How should I approach this ivp problem with two differentiation about x?

Question

The question given is as followed:

$$x dy - y dx - (1-x²)dx = 0, \\ y(1)=1$$

How should I approach this question?
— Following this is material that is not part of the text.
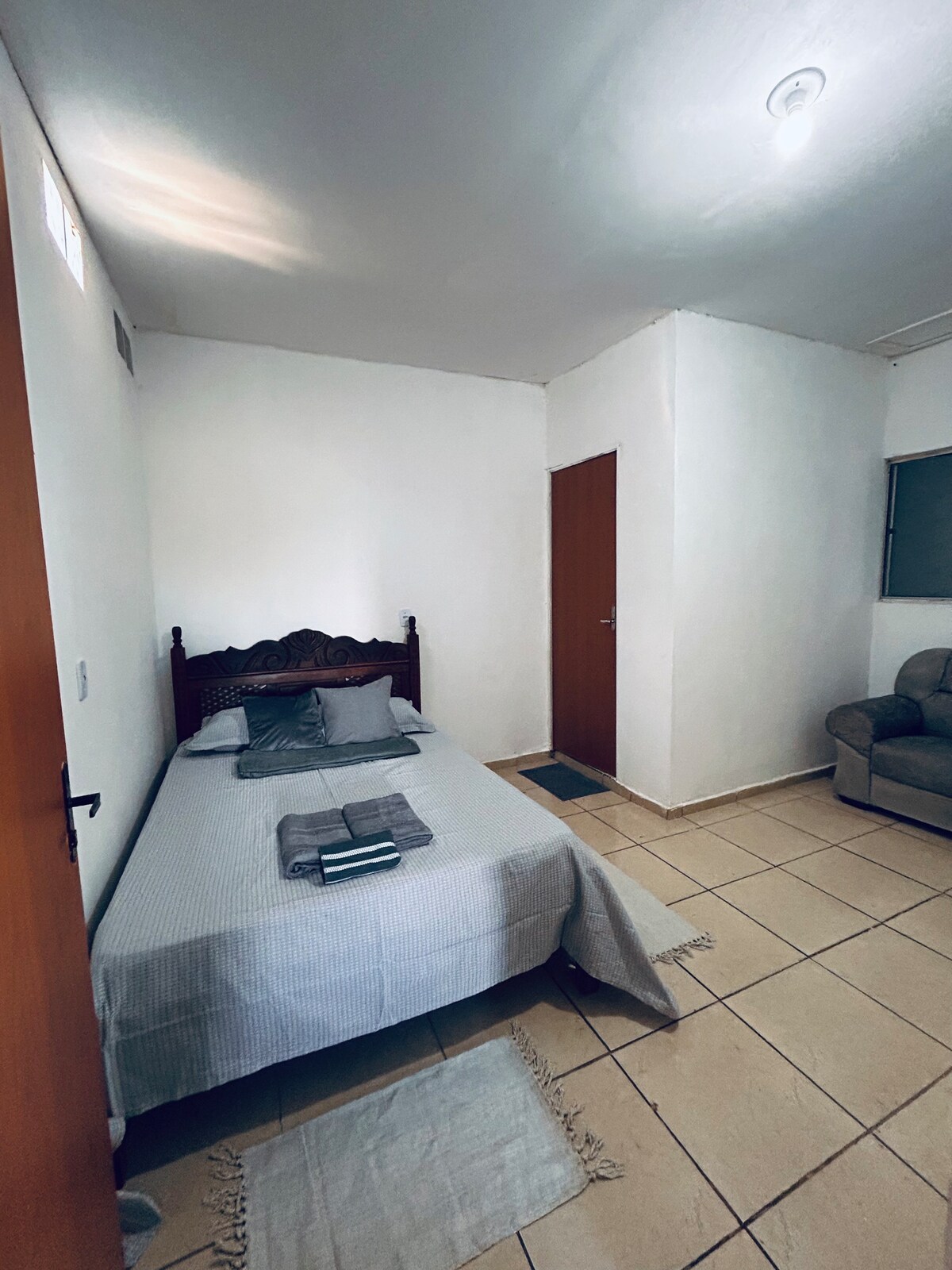 Apartamento amueblado de 2 dormitorios, 1 con aire acondicionado. Cocina completa, sala de TV, comedor y wifi. Zona gourmet con barbacoa y bañera de hidromasaje climatizada privada para 7 personas con una hermosa vista. Ventiladores de techo en las habitaciones (excepto la habitación con aire y baños). Baño con toallas. 1 espacio de estacionamiento. A 250 metros de Shopping Contagem. Un lugar tranquilo y seguro. Ideal para familias o ocio. Cuarto piso, edificio sin ascensor.

I tried to start this problem by finding an integrating factor but what should I do when 2 dx appears on the equation?

Answer 1

$$xdy = (1+y-x^2)dx \implies \frac{dy}{dx} = -x+\frac1x + \frac yx \implies \frac{dy}{dx} \color{blue}{- \frac{1}{x}}y = \color{green}{\frac1x-x}$$

$$\color{blue}{IF} = e^{\int\color{blue}{\frac{-1}{x}}dx} = e^{-\ln x} = \color{blue}{\frac 1x}$$

Now,

$$\color{blue}{IF} \cdot y = \int \color{green}{\left(\frac1x-x\right)}\color{blue}{IF} dx+c \implies \frac yx = \int\left(\frac 1{x^2} -1\right)dx +c$$

Could you proceed further?

Answer 2

$$x dy - y dx - (1-x²)dx = 0, y(1)=1$$ $$x dy - y dx - (1-x²)dx = 0$$ Divide by $x^2$ $$ \left (\dfrac {x dy - y dx }{x^2} \right)- \dfrac {(1-x²)}{x^2}dx = 0$$ $$d \left (\dfrac yx \right)+dx - \dfrac {1}{x^2}dx = 0$$ Integrate.